* _What you need to do_: Set down the data below word for word, and leave the images aside.

* _Recorded information_:
____
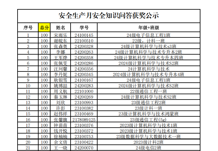 活动通知发布后,各年级学生积极响应,认真备考。在规定的截止时间(6月15日24:00)前,全院共有1036名同学顺利完成测试。经系统自动评阅与严格复核,涌现出一大批成绩优异的同学。其中,417名同学以满分(100分)的优异成绩脱颖而出(包括宋雨乐等同学),满分比例高达40.2%,充分展现了同学们扎实的安全知识基础和学院日常安全教育的良好效果。学院将对这417名满分同学进行通报表扬(具体名单详见学院公告)。
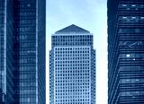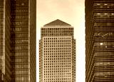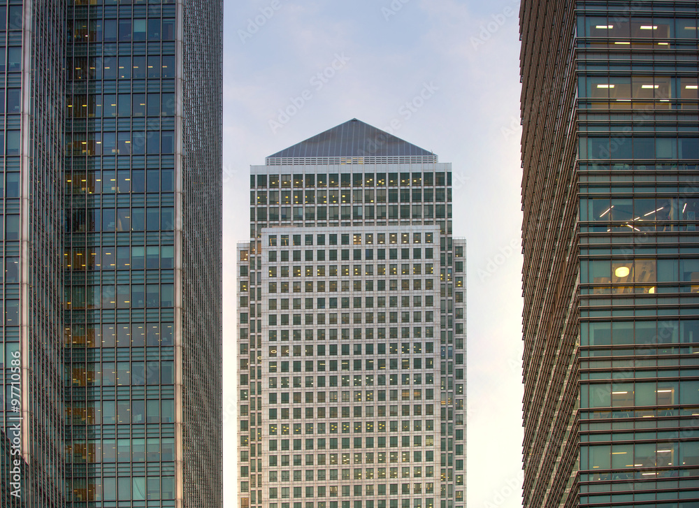 LONDON, UK - SEPTEMBER 9, 2015: Canary Wharf office buildings at sunset
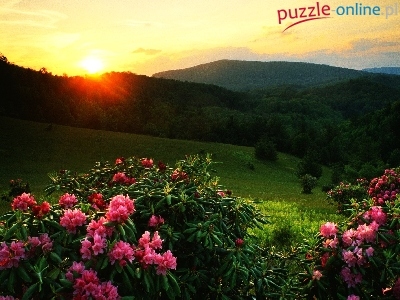 Puzzle Wzgórza, Zachód, Słońca, Rododendrony
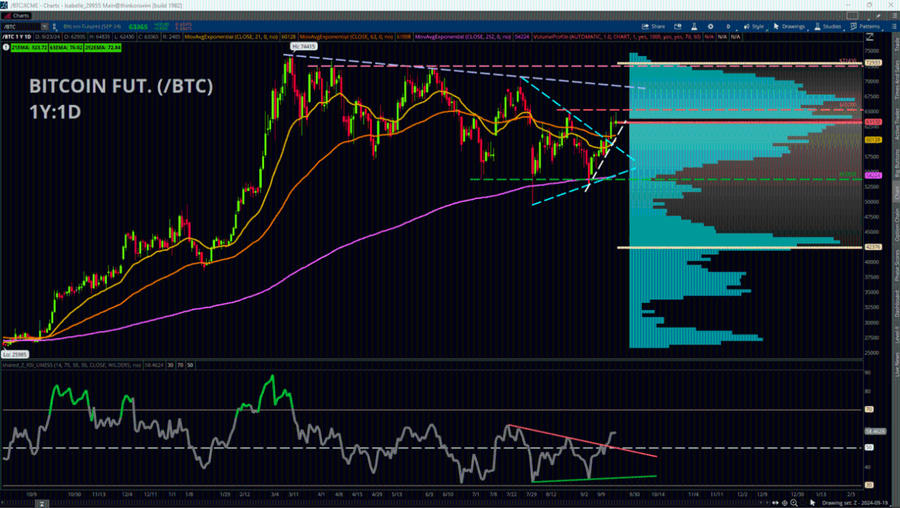 Bitcoin futures (/BTC) have been on the move to the upside in recent weeks, rising more than 19% from the recent lows of 52,820 on Sept. 6 to Friday’s close of 62,940. The rally has driven price upward to surpass several key technical points, but the cryptocurrency is still short of its previous highs on 65,200 on Aug. 26.
____
* _Your solution_:
 活动通知发布后,各年级学生积极响应,认真备考。在规定的截止时间(6月15日24:00)前,全院共有1036名同学顺利完成测试。经系统自动评阅与严格复核,涌现出一大批成绩优异的同学。其中,417名同学以满分(100分)的优异成绩脱颖而出(包括宋雨乐等同学),满分比例高达40.2%,充分展现了同学们扎实的安全知识基础和学院日常安全教育的良好效果。学院将对这417名满分同学进行通报表扬(具体名单详见学院公告)。
 LONDON, UK - SEPTEMBER 9, 2015: Canary Wharf office buildings at sunset
 Puzzle Wzgórza, Zachód, Słońca, Rododendrony
 Bitcoin futures (/BTC) have been on the move to the upside in recent weeks, rising more than 19% from the recent lows of 52,820 on Sept. 6 to Friday’s close of 62,940. The rally has driven price upward to surpass several key technical points, but the cryptocurrency is still short of its previous highs on 65,200 on Aug. 26.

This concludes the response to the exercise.